In a landmark ruling, seven justices unanimously rejected a challenge led by the Scotch Whisky Association that Scottish proposals for strict price controls were illegal under EU trade rules. The ruling comes after a five-year legal battle against the measures, which were passed by the Scottish parliament in 2012 but then fought by the Scotch Whiskey Association and two European wine and spirits industry bodies all the way to the European court of justice.

Nicola Sturgeon, Scotland’s first minister, first suggested the measure nine years ago while acting as the Scottish health secretary. The supreme court ruled on Wednesday 15th November that “minimum pricing is a proportionate means of achieving a legitimate aim”.

Prof Petra Meier, director of the alcohol research group at the University of Sheffield, which published the data and evidence that Sturgeon’s proposals were based on, said a 50p minimum price would in time result in 120 fewer deaths and 2,000 fewer hospital admissions from alcohol abuse each year.

“Our research has consistently shown that minimum unit pricing would reduce alcohol-related health problems in Scotland by targeting the cheap, high-strength alcohol consumed by the heaviest and highest-risk drinkers. Moderate drinkers would be affected to a much smaller degree.”

They said protecting public health outweighed the damage to free trade which the spirits industry and EU wine producers said they wanted to protect. “The courts should not second-guess the value which a domestic legislator puts on health,” the judges stated.

With Welsh ministers and the Republic of Ireland introducing similar measures, health campaigners in England said the ruling left the Westminster government isolated, and removed the last legal barrier to minimum pricing.

Professor Sir Ian Gilmore, chair of the Alcohol Health Alliance, said:

“We are delighted with the Supreme Court’s judgement that minimum unit pricing is legal and can be implemented in Scotland. The decision today represents a great victory for the health of the public.

“Five years ago the legislation introducing MUP passed through the Scottish Parliament without opposition. It has taken five years to implement for the simple reason that the Scottish Whisky Association and others chose to challenge it in the courts. In that time many families have needlessly suffered the pain and heartache of losing a loved one.

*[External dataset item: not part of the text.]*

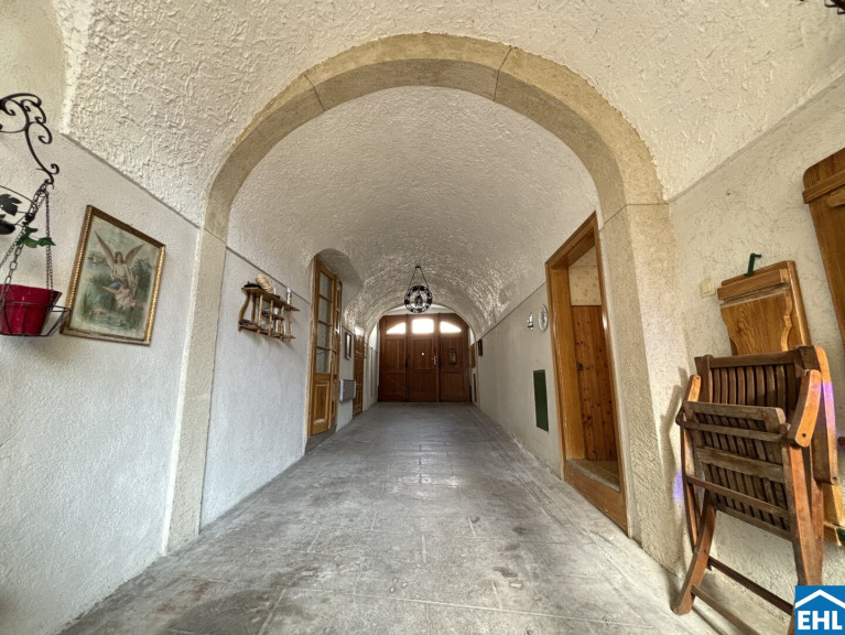 Ein besonderes Highlight ist der idyllische Innenhofgarten – ein geschütztes Refugium, das Ruhe und Natur vereint. Von hier aus gelangt man sowohl in den hinteren Gebäudeteil als auch in den großzügigen Weinkeller und weitere Lagerräumlichkeiten, die das Herz eines jeden Weinliebhabers höherschlagen lassen.

“This decision has implications far beyond Scotland. Wales, Northern Ireland and the Republic of Ireland are now clear to progress their own plans for minimum unit pricing.

“The spotlight should now fall on England, where cheap alcohol is also causing considerable damage.  Over 23,000 people in England die every year from alcohol-related causes, many of them coming from the poorest and most vulnerable sections of society. We urge the Westminster Government to act now and introduce the measure in England. A failure to do so will needlessly cost more lives.”

Scottish ministers are expected to introduce a minimum price of 50p a unit for alcoholic drinks by spring next year, in a bid to cope with increasing deaths and hospitalisations from alcohol abuse. Health campaigners say the strongest but cheapest ciders were so cheap in Scotland an adult could consume their maximum recommended weekly limit of alcohol – 14 units – for £2.52. The cheapest fortified wine came in at 27p per unit, while the cheapest vodka and gin was 38p. That rate will force up the price of all alcoholic drinks so that a standard bottle of whisky will cost £14, regardless of its wholesale cost, although the Scottish measures mean retailers will keep any surplus profits once prices rise.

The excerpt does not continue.